Piercing the String Veil

Hi all, I would like to provide some background information about what is available in String’s ABI in Swift 5, and thoughts on what's possible to surface to performance-minded users.

String’s ABI encodes information for performant processing and future flexibility, allowing the standard library to run faster and producer smaller and more flexible code. But, this information is not available as API for low-level programming as it’s hidden behind the abstraction of the String type. With this information formally part of String’s ABI, we should lift the veil of the String type and start exposing these as API.

An opaque string is capable of handling all string operations through resilient function calls. Nothing about their implementation is exposed outside the standard library. Currently, these are used for lazily-bridged NSStrings that do not provide access to contiguous UTF-8 (i.e. ASCII) bytes in memory. This can be expanded in the future to support any kind of future string forms we may want or need to add.

All other strings are contiguous, that is, they can provide a pointer and length to valid UTF-8 bytes in memory.

An indirect string has declared in the ABI that it is capable of providing a pointer to validly-encoded UTF-8 bytes in memory through a resilient function. Currently, indirect strings are used for NSStrings that can provide access to contiguous UTF-8 in memory. Since the means by which they get a UTF-8 pointer is behind a resilient function call, they can also be used to support shared strings, that is strings which share their contents with some other data structure (e.g. Array<UInt8>). Accessing the content of an indirect string requires an extra level of indirection (hence the name) to get the pointer, but after that, they hit all the fast-paths in String’s implementation.

Other contiguous strings are immediate, which means they are in Swift’s preferred form for the most efficient and direct access.

A small string packs its contents (up to 15 UTF-8 code units in length) directly in the String struct, without the need for a separate allocation.

A large string holds a reference to a class instance with tail-allocated contents at a statically known offset from the instance’s address. This means there is no additional indirection on top of the reference itself.

Contiguity

The most significant distinction, both for the standard library’s implementation of String’s API and performance-minded developers, is whether a String can provide contiguous-UTF-8 contents and how to get the pointer. SE-0247, currently under review, aims to deliver this.

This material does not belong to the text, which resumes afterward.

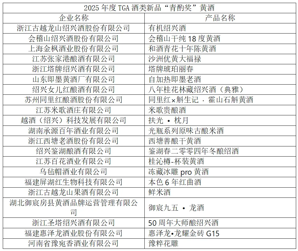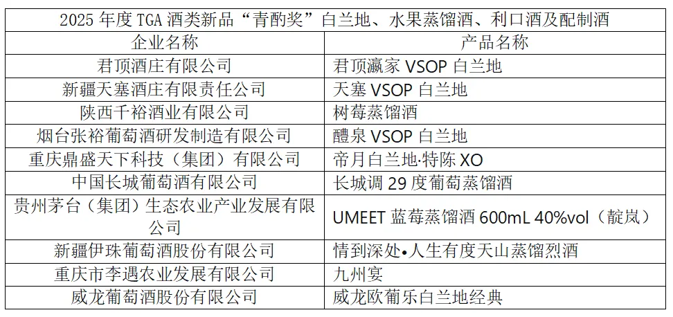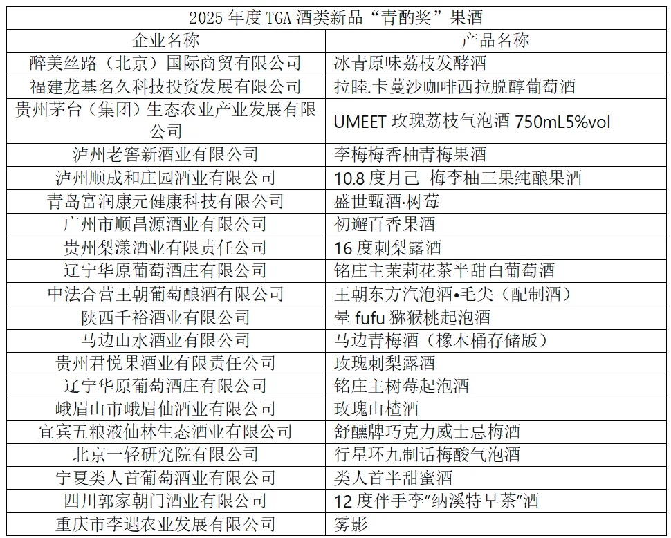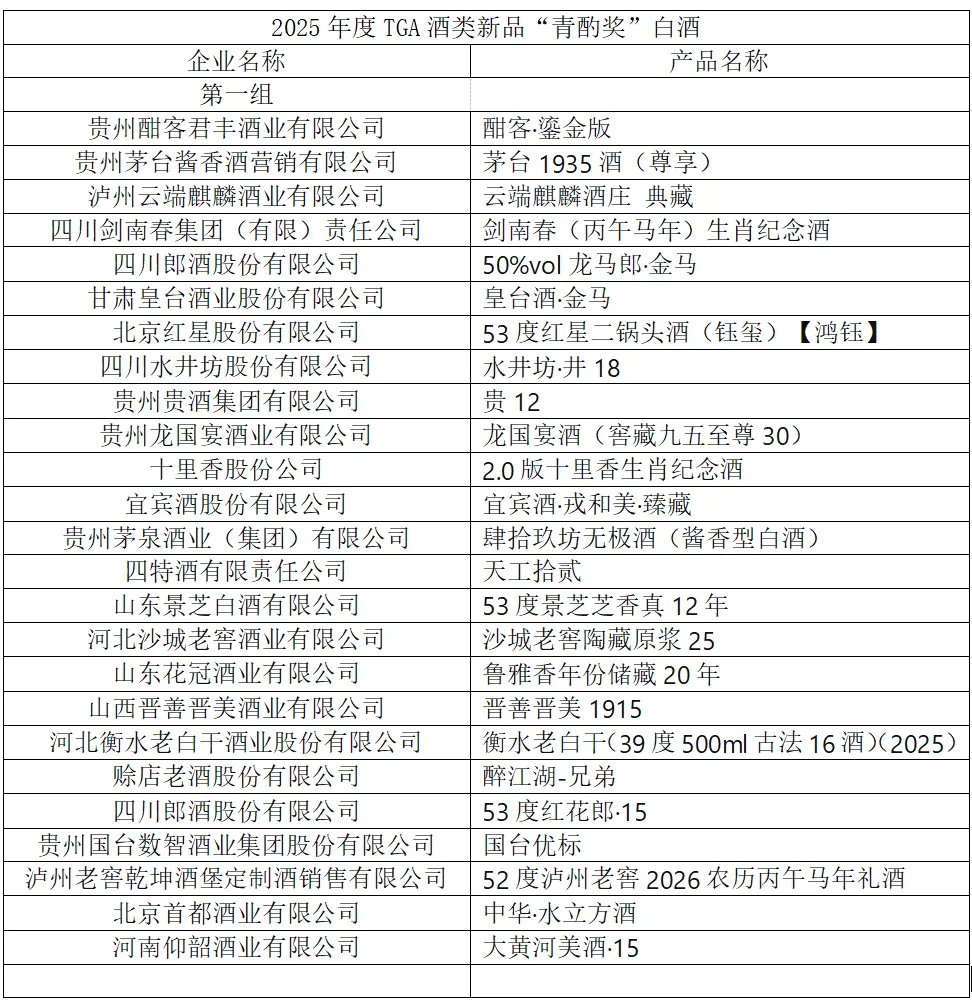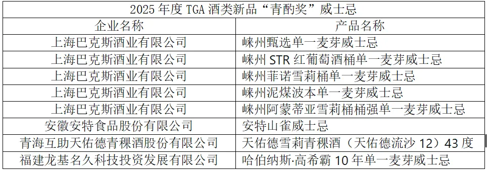 附:2025年度TGA酒类新品“青酌奖”名单

It lifts the veil one layer to expose contiguity.

Shared storage

The “indirect” contiguous form allows a string to share UTF-8 storage with another type rather than making a copy. Reads pay the cost of an extra level of indirection, but are still contiguous and fast.

This would allow Strings to be created sharing storage with an Array<UInt8>/Data/ByteBuffer/etc. UTF-8 validation should still happen (though we could consider an “unsafe” opt-out as in Rust), and there’s some decision decisions in how best to surface this.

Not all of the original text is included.